When you eat dessert, truly savor each bite. How many times have you mindlessly eaten your way through a bag of cookies or a huge piece of cake? Can you really say that you enjoyed each bite? Make your indulgence count by eating slowly and paying attention to the flavors and textures. You’ll enjoy it more, plus you’re less likely to overeat.
Tricks for cutting down on sugar
Reduce soft drinks, soda and juice. For each 12 oz. serving of a sugar-sweetened beverage you drink a day, your risk for diabetes increases by about 15 percent. Try sparkling water with a twist of lemon or lime instead. Cut down on creamers and sweeteners you add to tea and coffee.

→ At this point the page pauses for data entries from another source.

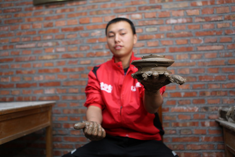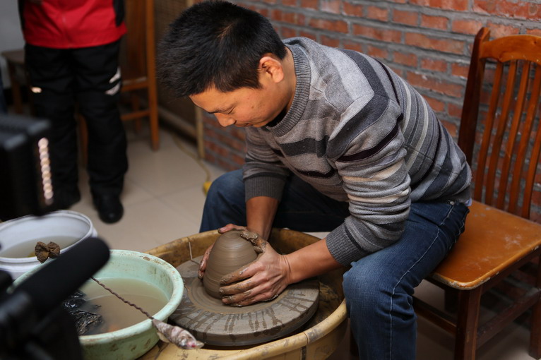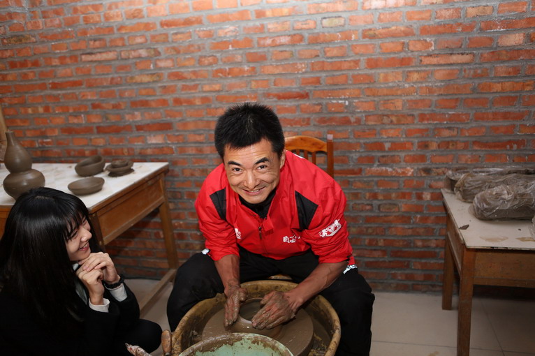 第一個(gè)上陣的是搖滾車手王成龍,據(jù)師傅指點(diǎn),做陶藝的核心,是心要靜,但這家伙玩的是激情澎湃的搖滾,能靜得下來么?
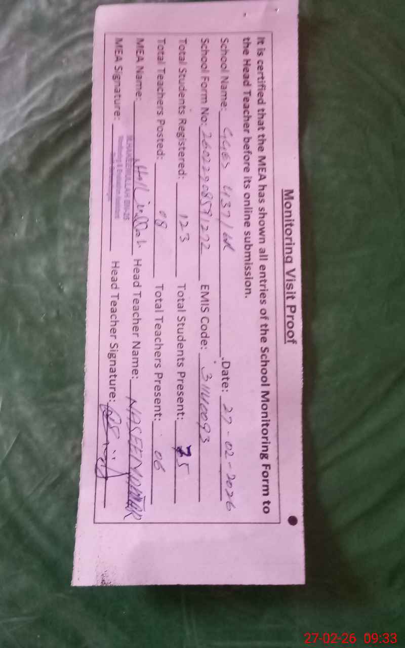 | EMIS Code: 31140093 | Name of School: GGES CHAK 437/6-R | |||
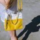皮革拼色纸袋包 - 手提/肩背 两用 (白+柠檬黄)
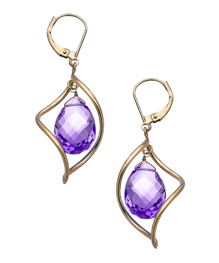 The eye-catching purple amethysts take center stage, dangling inside of 14-karat gold spiral frames. Pair it with
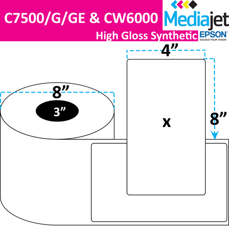 <strong>4" x 8"</strong><br>Die Cut Gloss Synthetic Inkjet Labels<br>(2 Rolls)
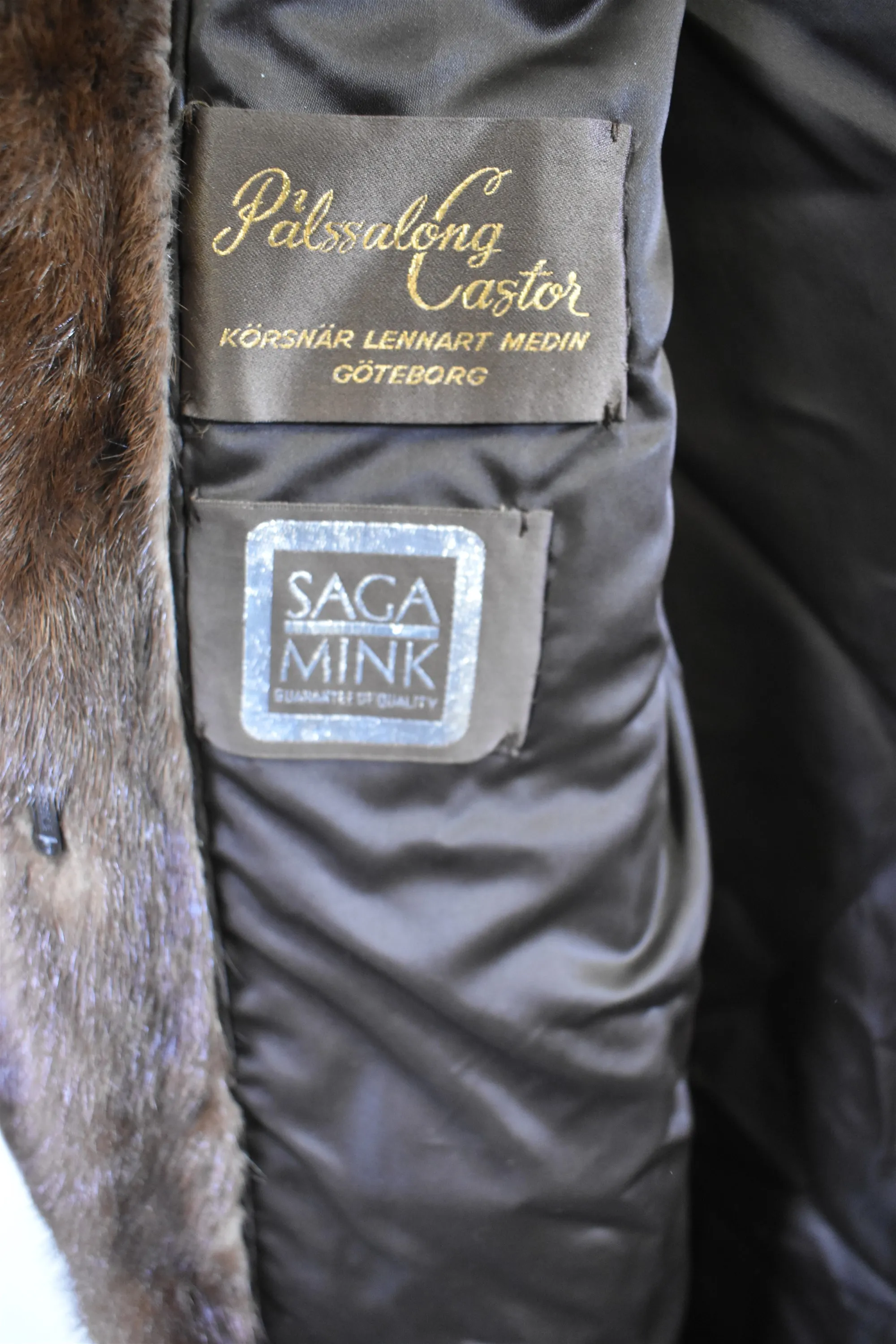 13577. Minkpäls med huva, Saga Mink
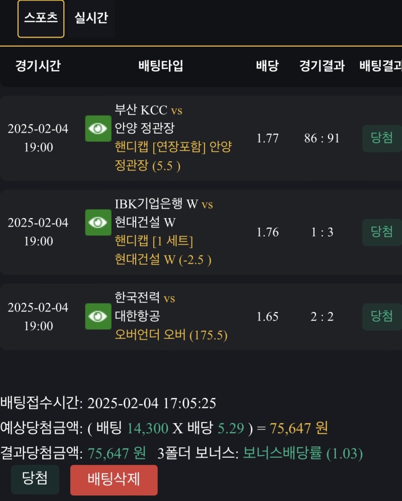 돌직구 적중 작성자 정보 호르직스쪽지보내기 자기소개 닉네임으로 검색쪽지보내기 자기소개 닉네임으로 검색 작성 작성일 2025.02.04 22:05 컨텐츠 정보 919 조회 2 댓글 0 추천 목록 관리 글검색 본문 연패를 할포로 끊었네요 전부다 푸근하게 들어왔네요 0 추천 관련자료 이전 돌직구 실시간 낙 작성일 2025.02.04 22:06 다음 돌직구 연패의늪 낙 작성일 2025.02.03 09:16 댓글 2 기커조님의 댓글 기커조쪽지보내기 자기소개 닉네임으로 검색쪽지보내기 자기소개 닉네임으로 검색 작성일 2025.02.04 22:06 축하드립니다 축하드립니다 인생은도박이다님의 댓글 인생은도박이다쪽지보내기 자기소개 닉네임으로 검색쪽지보내기 자기소개 닉네임으로 검색 작성일 2025.02.05 09:35 나이따 나이따 로그인한 회원만 댓글 등록이 가능합니다. 목록 관리 글검색
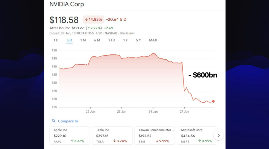 中国模型的这场革命,真正的起点可以追溯到 2024 年圣诞节 DeepSeek 3 的发布,据称其训练成本约为 550 万美元。随后,DeepSeek 于 1 月 20 日推出 DeepSeek R1,迅速引发了一场 AI 和半导体板块的大规模抛售,投资者开始恐慌,意识到 AI 或许并非被美国垄断,英伟达市值一度蒸发约 5930 亿美元。
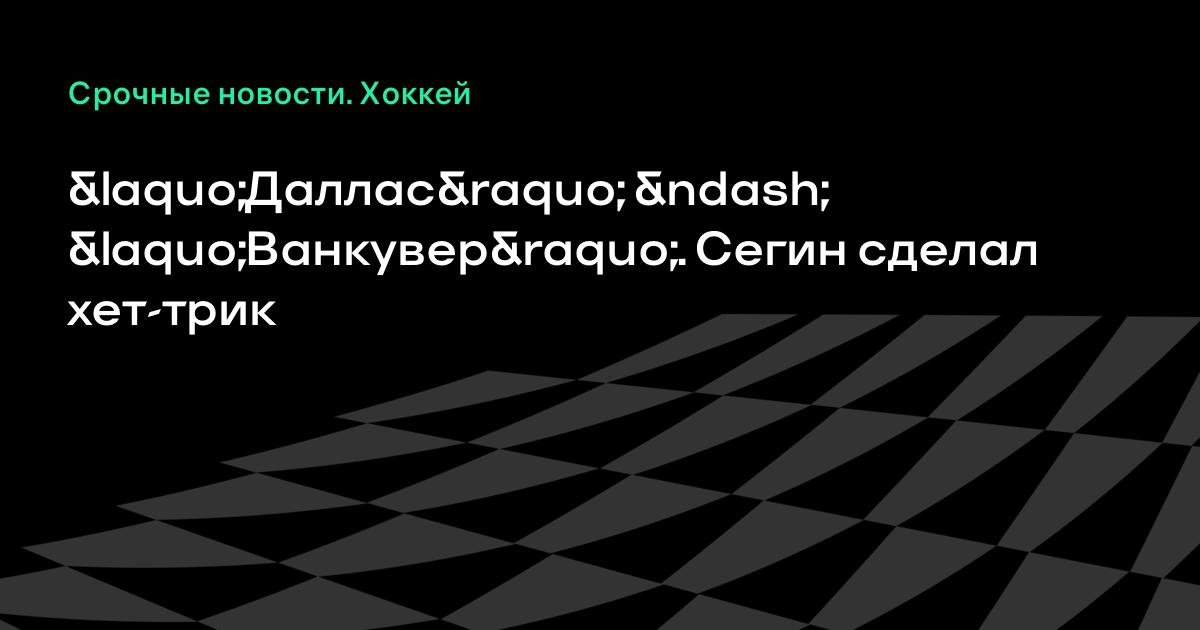 Форвард «Далласа» Тайлер Сегин отметился третьим в нынешнем сезоне хет-триком в матче с «Ванкувером» (6:1).

Don’t replace saturated fat with sugar. Many of us replace saturated fat such as whole milk dairy with refined carbs, thinking we’re making a healthier choice. Low-fat doesn’t mean healthy when the fat has been replaced by added sugar.
Sweeten foods yourself. Buy unsweetened iced tea, plain yogurt, or unflavored oatmeal, for example, and add sweetener (or fruit) yourself. You’ll likely add far less sugar than the manufacturer.
Check labels and opt for low sugar products and use fresh or frozen ingredients instead of canned goods. Be especially aware of the sugar content of cereals and sugary drinks.
Avoid processed or packaged foods like canned soups, frozen dinners, or low-fat meals that often contain hidden sugar. Prepare more meals at home.
Reduce the amount of sugar in recipes by ¼ to ⅓. You can boost sweetness with mint, cinnamon, nutmeg, or vanilla extract instead of sugar.
Find healthy ways to satisfy your sweet tooth. Instead of ice cream, blend up frozen bananas for a creamy, frozen treat or enjoy a small chunk of dark chocolate, rather than a milk chocolate bar.
Start with half of the dessert you normally eat and replace the other half with fruit.
Choose Good Fats:
Unhealthy fats. The most damaging fats are artificial trans fats, which make vegetable oils less likely to spoil. Avoid commercially-baked goods, packaged snack foods, fried food, and anything with “partially hydrogenated” oil in the ingredients, even if it claims to be trans fat-free.
Healthy fats. The healthiest fats are unsaturated fats, which come from fish and plant sources such as olive oil, nuts, and avocados. Omega-3 fatty acids fight inflammation and support brain and heart health. Good sources include salmon, tuna, and flaxseeds.
Saturated fats. Found mainly in tropical oils, red meat, and dairy, there’s no need to completely eliminate saturated fat from your diet but rather, enjoy in moderation. The American Diabetes Association recommends consuming no more than 10% of your daily calories from saturated fat.